Zhang Yixuan, Wang Heming, Wang DeLiang
Department of Computer Science and Engineering, Ohio State University, Columbus, OH 43210 USA.
Department of Computer Science and Engineering and the Center for Cognitive and Brain Sciences, Ohio State University, Columbus, OH 43210 USA.
IEEE/ACM Trans Audio Speech Lang Process. 2023;31:3760-3770. doi: 10.1109/TASLP.2023.3313427. Epub 2023 Sep 13.

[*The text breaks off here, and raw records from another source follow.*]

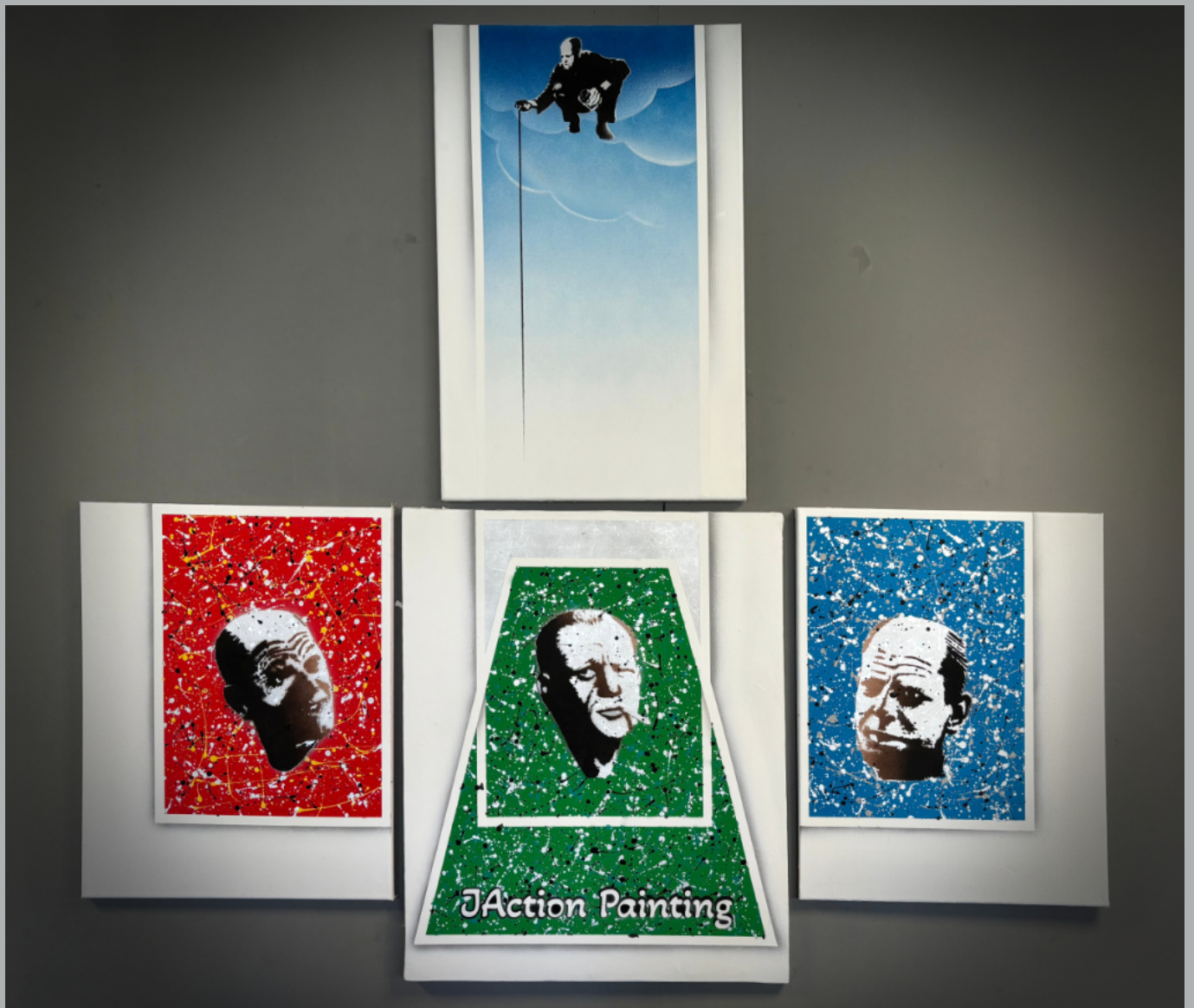
JAction Painting, 2025 Sprühfarbe auf Leinwand

Dieses Werk portraitiert Jackson Pollock im Spiegel seiner inneren Zustände: Rechts der depressive Rückzug in Blau und Grau, links die manische Ekstase in Rot und Gelb, in der Mitte der Moment innerer Balance in Grün und Türkis - ein Lichtspalt zwischen den Extremen. Silber und Schwarz ziehen sich durch alle drei Portraits – als Grundrauschen, als Licht und Schatten, die in jedem Zustand mitschwingen.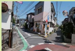
市内の狭い道路 (東和泉二丁目)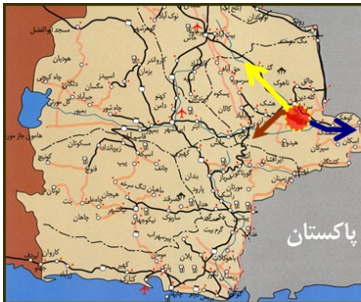
شکل (۲) نمایی از محورهای اصلی منطقه نمونه گردشگری کلپورگان با نواحی پیرامونی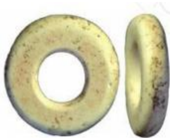
Hình 4.10. Đồ trang sức bằng vỏ trứng đã điều chế (Nga, khoảng 50 000 năm trước)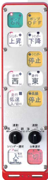
■ 送信機表面への 特殊スイッチ取付 ■ パネルプレートの 穴開け位置選択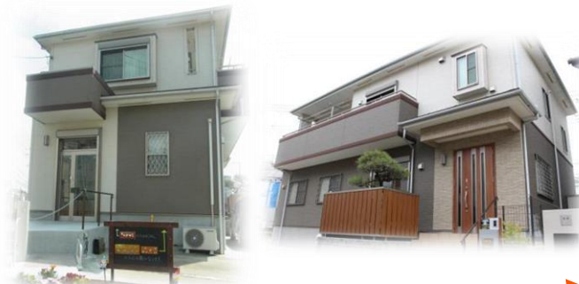
外観 ※ごぶごぶの入り口は写真右側の玄関です

「ごぶごぶ」という愛称には、支援する側される側のような枠をつくらず、“五分と五分”の関係を大切にしたいという思いを込めて名付けました。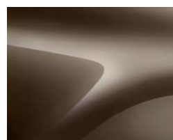
BRUN VISON (2)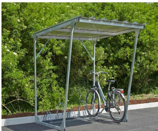
Abri Cycles CAP NORD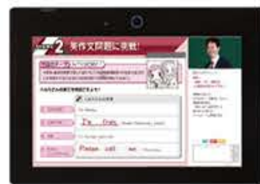
オンラインライブ授業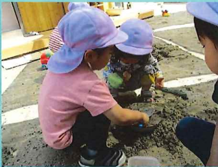
おすながちがうね。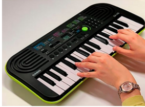
Teclado 32 teclado

Se solicita dentro de lo posible que los estudiantes puedan contar con su propio instrumento musical, aquí van las siguientes opciones: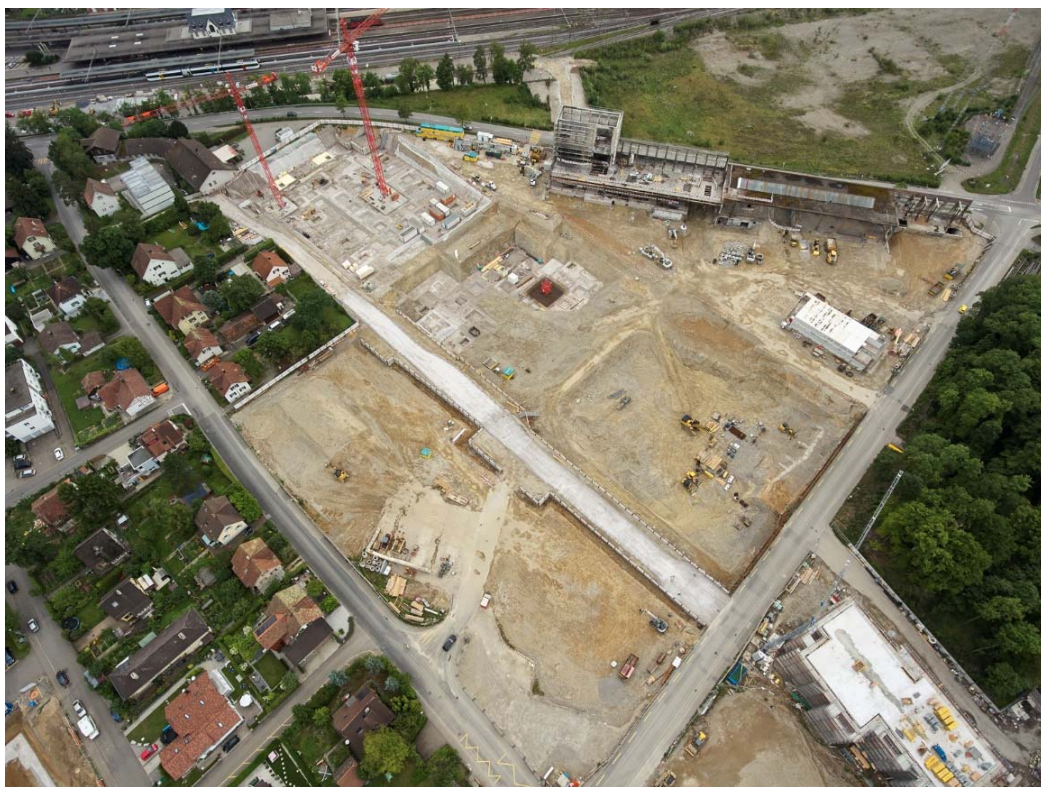
Das Bülachguss-Areal umfasst acht Baubereiche

Per 1. September 2017 hat Allreal mit dem Verkauf der insgesamt 73 Eigentumswohnungen begonnen. Die Vermarktung der Mietwohnungen der Baubereiche 2, 5 und 6 der Immobilienfonds CS REF Green Property und CS REF Siat startet voraussichtlich im Frühling 2018.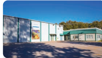
BEACH GROVE ELEMENTARY 学生人数:300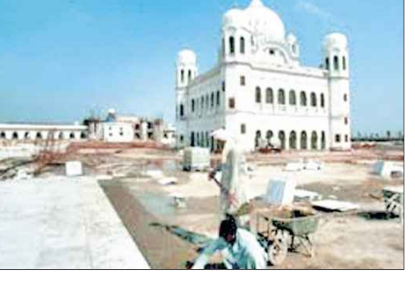
श्रद्धालु पाकिस्तान स्थित करतारपुर जाएंगे। सिखों के धर्म गुरु गुरु नानकदेव ने अपनी जिंदगी के आखिरी 17 साल 5 महीने 9 दिन

लाहौर। पाकिस्तान ने करतारपुर आने वाले श्रद्धालुओं के लिए 80 इमीग्रेशन काउंटर स्थापित किए हैं। इन काउंटरों पर भारत से पाकिस्तान आने वाले श्रद्धालुओं को क्लीयरेंस मिला करेगा। भारत और पाकिस्तान ने पिछले सप्ताह करतारपुर कॉरिडोर पर समझौते पर हस्ताक्षर किए हैं। इस समझौते के तहत भारतीय तीर्थयात्रियों को पाकिस्तान में गुरुद्वारा दरबार साहिब में वीजा मुक्त यात्रा करने की अनुमति देगा। करतारपुर कॉरिडोर का उद्घाटन 9 नवंबर को होगा। शुरूआत में यहां से बड़ी संख्या में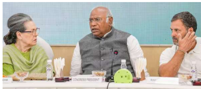
પ્રયત્નોમાં ઘણું બધું ગુમાવ્યું. દિગ્ગજ નેતાઓ ગુસ્સે થઈને ચાલ્યા ગયા. પરંતુ પાર્ટીએ તેના મિશનમાં કોઈ ફેરફાર કર્યો નથી. દરમિયાન ભારત જોડો યાત્રા અને ભારત જોડો ન્યાય યાત્રા પણ કાઢવામાં આવી હતી. આનાથી એ સંદેશ પણ મળ્યો કે પાર્ટી ગ્રાઉન્ડ કનેક્ટમાં માને છે.

ઉભરી આવી છે અને તેણે જે ચમત્કાર બતાવ્યો છે તે સાબિત કરે છે કે કોંગ્રેસ માત્ર પરિણામો બદલવા માટે સક્ષમ નથી, પરંતુ વિપક્ષો, ખાસ કરીને પ્રાદેશિક પક્ષોમાં પણ તે સર્વવ્યાપી રીતે સ્વીકૃત છે. આ વખતે કોંગ્રેસે ચૂંટણીમાં અલગ રણનીતિ અપનાવી અને સૌથી પહેલા ભાજપનો મુકાબલો કરવા માટે વિપક્ષી દળોને એકત્ર કર્યાં. આ કામ પણ અનેક રીતે મહત્વનું હતું. રાજ્યોમાં મજબૂત પ્રાદેશિક પક્ષોએ તેમના અલગ મુદ્દાઓ અને વિચારધારાઓથી આગળ હાથ મિલાવ્યા. તેમની સાથે સીટ વહેંચણીની સમસ્યાને ઉકેલવા માટે ઘણી જહેમત ઉઠાવી હતી. પોતે મયાદિત છે અને પ્રાદેશિક પક્ષોને વધુ બેઠકો પર ચૂંટણી લડવાની તક આપી છે. આ બધા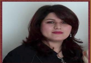
۱۳- خاتوو كوستان نىستانى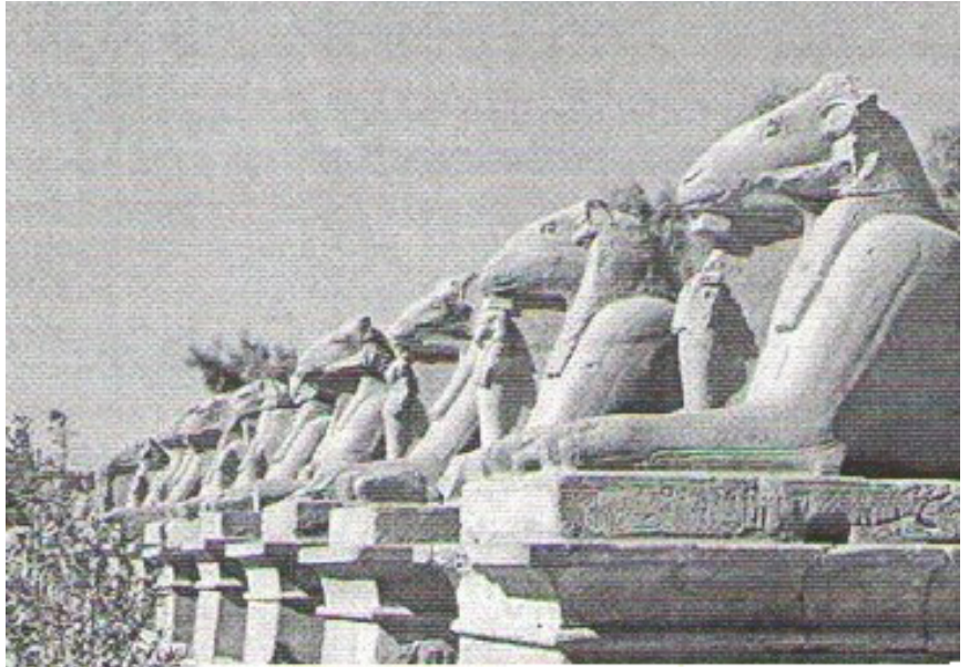
სფინქსები ეგვიპტეში, კარნაკის ტაძართან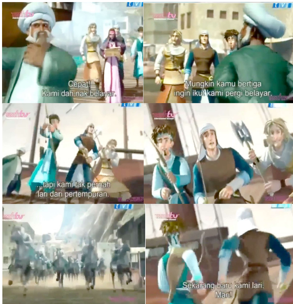
Frame berturutan 1: Saladin, Tarik dan Duncan mendapat tugas untuk menghantar seorang wanita ke sebuah kapal. Mereka melarikan diri ke atas kapal. (50:24-54:54 di Animated_Stories_of_Islam.nashbooky.com.mp4)

Dalam babak ini Saladin dan rakan-rakannya melarikan diri ketika berdepan dengan tentera Reginald yang ramai. Pengarah telah membuat penguguran dari segi sifat Salahuddin al-Ayubi yang berani menentang musuh dan berani berdepan dengan musuh kepada takut berdepan dengan musuh. Saladin dan rakan-rakannya berlari menyelamatkan diri dalam sebuah kapal yang dikendalikan oleh Kapten Sina. Dalam buku The Life of Saladin , Ibnu Shaddad menulis dalam biografi Sultan Salahuddin bahawa: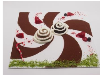
Guru Guru メガネのチョコレートプレート 1,080円

見た目はバーガー、中身はスパイスの効いたチリコンカンとぐるぐるソーセージを使ったホットドッグ。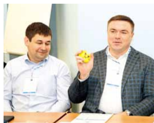
Слушатели тренируют управленческие компетенции

В течение двух дней 16 работников компании наращивали и тренировали свои управленческие компетенции. Программа консультационного семинара насыщена содержательными практическими и теоретическими занятиями – от материального стимулирования до разрешения конфликтов.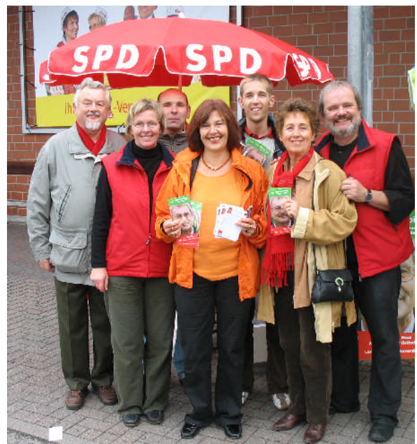
...und in Stockelsdorf

As a fundamental problem in speech processing, pitch tracking has been studied for decades. While strong performance has been achieved on clean speech, pitch tracking in noisy speech is still challenging. Severe non-stationary noises not only corrupt the harmonic structure in voiced intervals but also make it difficult to determine the existence of voiced speech. Given the importance of voicing detection for pitch tracking, this study proposes a neural cascade architecture that jointly performs pitch estimation and voicing detection. The cascade architecture optimizes a speech enhancement module and a pitch tracking module, and is trained in a speaker-independent and noise-independent way. It is observed that incorporating the enhancement module improves both pitch estimation and voicing detection accuracy, especially in low signal-to-noise ratio (SNR) conditions. In addition, compared with frameworks that combine corresponding single-task models, the proposed multi-task framework achieves better performance and is more efficient. Experimental results show that the proposed method is robust to different noise conditions and substantially outperforms other competitive pitch tracking methods.
作为语音处理中的一个基本问题,基音跟踪已经研究了几十年。虽然在纯净语音上已经取得了强大的性能,但噪声语音中的基音跟踪仍然具有挑战性。严重的非平稳噪声不仅会破坏浊音区间的谐波结构,还会使确定浊音语音的存在变得困难。鉴于浊音检测对基音跟踪的重要性,本研究提出了一种联合执行基音估计和浊音检测的神经级联架构。该级联架构优化了一个语音增强模块和一个基音跟踪模块,并以独立于说话者和噪声的方式进行训练。据观察,纳入增强模块可提高基音估计和浊音检测的准确性,尤其是在低信噪比(SNR)条件下。此外,与结合相应单任务模型的框架相比,所提出的多任务框架具有更好的性能且更高效。实验结果表明,所提出的方法对不同噪声条件具有鲁棒性,并且显著优于其他有竞争力的基音跟踪方法。